Kemudian, tiga gadis itupun tidak memperdulikan perdebatan diantara kedua laki-laki itu. Selama mereka tidak adu fisik, itu tidak masalah bagi mereka.
"Rin, kau mau membuat seperti apa?" tanya Sachi yang masih fokus pada layar laptop Neko.
"Kurasa, aku akan membuat gambar diriku sendiri," jawab Sachi dan disambung, "Kurosaki-san, jika membuat digital, mohon buat yang bagus untuk Rin ya. Dan Sachi, usahakan warnanya natural."
"Tidak. Rin lebih bagus jika warnanya sedikit menyala," ucap Sachi.
"Kalian mau ribut juga? Kalau mau ribut, sini aku lempar dari lantai dua sekalian," ucap Yukia yang membuat ketiga gadis itu bergidik ngeri.
'Memang, marahnya orang diam itu sungguh mengerikan,' batin mereka bertiga.
*****
Waktu telah menunjukkan pukul enam sore. Dan kini, keluarga Rin tengah berkumpul untuk makan malam bersama.

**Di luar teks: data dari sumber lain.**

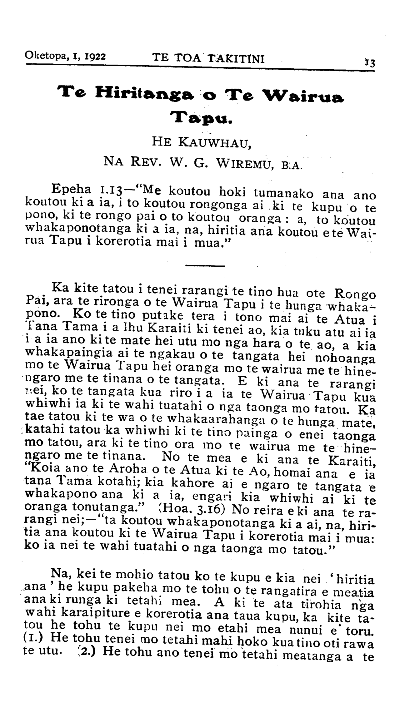 Oketopa, 1, 1922TE TOA TAKITINI 13 TE HIRITANGA O TE WAIRUA Tapu. HE KAUWHAU, NA REV. W. G. WIREMU, B.A. Epeha 1.13 — "Me koutou hoki tumanako ana ano koutou ki a ia, i to koutou rongonga ai ki te kupu o te pono, ki te rongo pai o to koutou oranga : a, to koutou whakaponotanga ki a ia, na, hiritia ana koutou e te Wai- rua Tapu i korerotia mai i mua." Ka kite tatou i tenei rarangi te tino hua o te Rongo Pai, ara te rironga o te Wairua Tapu i te hunga whaka- pono. Ko te tino putake tera i tono mai ai te Atua i Tana Tama i a Ihu Karaiti ki tenei ao, kia tuku atu ai ia i a ia ano ki te mate hei utu mo nga hara o te ao, a kia whakapaingia ai te ngakau o te tangata hei nohoanga mo te Wairua Tapu hei oranga mo te wairua me te hine- ngaro me te tinana o te tangata. E ki ana te rarangi nei, ko te tangata kua riro i a ia te Wairua Tapu kua whiwhi ia ki te wahi tuatahi o nga taonga mo tatou. Ka tae tatou ki te wa o te whakaarahanga o te hunga mate, katahi tatou ka whiwhi ki te tino painga o enei taonga mo tatou, ara ki te tino ora mo te wairua me te hine- ngaro me te tinana. No te mea e ki ana te Karaiti, "Koia ano te Aroha o te Atua ki te Ao, homai ana e ia tana Tama kotahi; kia kahore ai e ngaro te tangata e whakapono ana ki a ia, engari kia whiwhi ai ki te oranga tonutanga." (Hoa. 3.16) No reira e ki ana te ra- rangi nei;—"ta koutou whakaponotanga ki a ai, na, hiri- tia ana koutou ki te Wairua Tapu i korerotia mai i mua: ko ia nei te wahi tuatahi o nga taonga mo tatou." Na, kei te mohio tatou ko te kupu e kia nei ' hiritia ana ' he kupu pakeha mo te tohu o te rangatira e meatia ana ki runga ki tetahi mea. A ki te ata tirohia nga wahi karaipiture e korerotia ana taua kupu, ka kite ta- tou he tohu te kupu nei mo etahi mea nunui e* toru. (1) He tohu tenei mo tetahi mahi hoko kua tino oti rawa te utu. (2.) He tohu ano tenei mo tetahi meatanga a te

Kali ini, Mama Rin memasak makanan kesukaan Rin, tumis daging saus tiram. Tentunya, mereka sama sekali tidak protes. Karena, selama Mama Rin yang masak, maka mereka akan tetap memakannya dengan penuh suka cita.

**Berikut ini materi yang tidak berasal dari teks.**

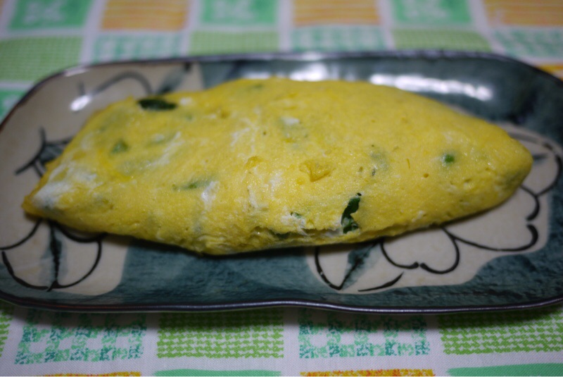 主人が帰ってきました。食欲がなくて夕食がまだだと言うとほうれん草のオムレツを作ってくれました。卵料理が作れる事を初めて知りました。いただきます。

"Papa, jadi ... bagaimana? Apa sudah mendapatkan pekerjaan baru?" tanya Rin setelah selesai menelan makanannya.
"Ah, sudah. Kali ini papa bekerja sebagai sekretaris," ucap Papa Rin dengan bangga.
"Benarkah, Pa?" tanya Neko yang langsung dijawab oleh Rin, "Sejak kapan kau tahu jika Papa berbohong?"
"Aku kan bertanya, bukan bermaksud apapun," bela Neko yang membuat Mama Rin segera melerai mereka.
"Benar, sekarang kita akan hidup seperti biasa. Maaf, Papa sudah sempat membuat kalian ikut terguncang," ucap Papa Rin dengan senyuman yang telah ia ukir di wajahnya yang tidak termakan usia.
"Sudah, jangan pusing-pusing dihadapan rezeki. Nikmati selagi ada, dan bersabar selagi tidak ada. Susah senang, kita selalu bersama," nasehat Mama Rin yang membuat kedua putrinya hanya bisa mengiyakan saja.
Setelah makan malam, Rin dan Neko langsung ke kamar mereka masing-masing. Ya, untuk belajar ataupun tidur.
Sementara itu, Papa Rin berada dalam kondisi yang sangat kacau. Ia merasa bersalah karena telah membohongi anaknya sendiri, sekaligus anak orang yang telah ia anggap sebagai anaknya sendiri.
"Sudahlah, Pa. Tidak perlu dipikirkan. Yang terpenting, Papa sudah berusaha sebisa yang Papa bisa. Biarkan Tuhan yang menjawab semuanya," ucap Mama Rin yang berusaha menghibur pendamping hidupnya.
"Maaf, aku sangat bersalah pada kalian. Aku membuat kalian kesusahan dalam ekonomi," ucap Papa Rin sembari mengacak rambutnya.
"Sudahlah, Sayang. Tidak masalah. Lagipula, aku masih punya tabungan yang bisa aku gunakan sambil menunggumu mendapatkan kabar baik," ucap Mama Rin sembari mengusap punggung suaminya.
Papa Rin pun menghela nafas, ia menyadari apa yang dikatakan istrinya memanglah benar. Namun, apa gunanya seorang pria jika tidak mampu membahagiakan keluarganya?
"Aku sungguh beruntung memilikimu dan Rin dalam hidupku. Aku berjanji, aku akan segera menemukan pekerjaan dan membuat kalian bahagia lagi," ucap Papa Rin yang membuat istrinya tersenyum.
"Jangan lupa, kita masih punya anak angkat yang harus kita bahagiakan juga," ucap Mama Rin.
"Pasti, Sayang," balas Papa Rin.
Malam ini, berlalu dengan sangat panjang. Banyak masalah yang mereka hadapi. Namun, apakah keluarga ini sanggup menghadapinya?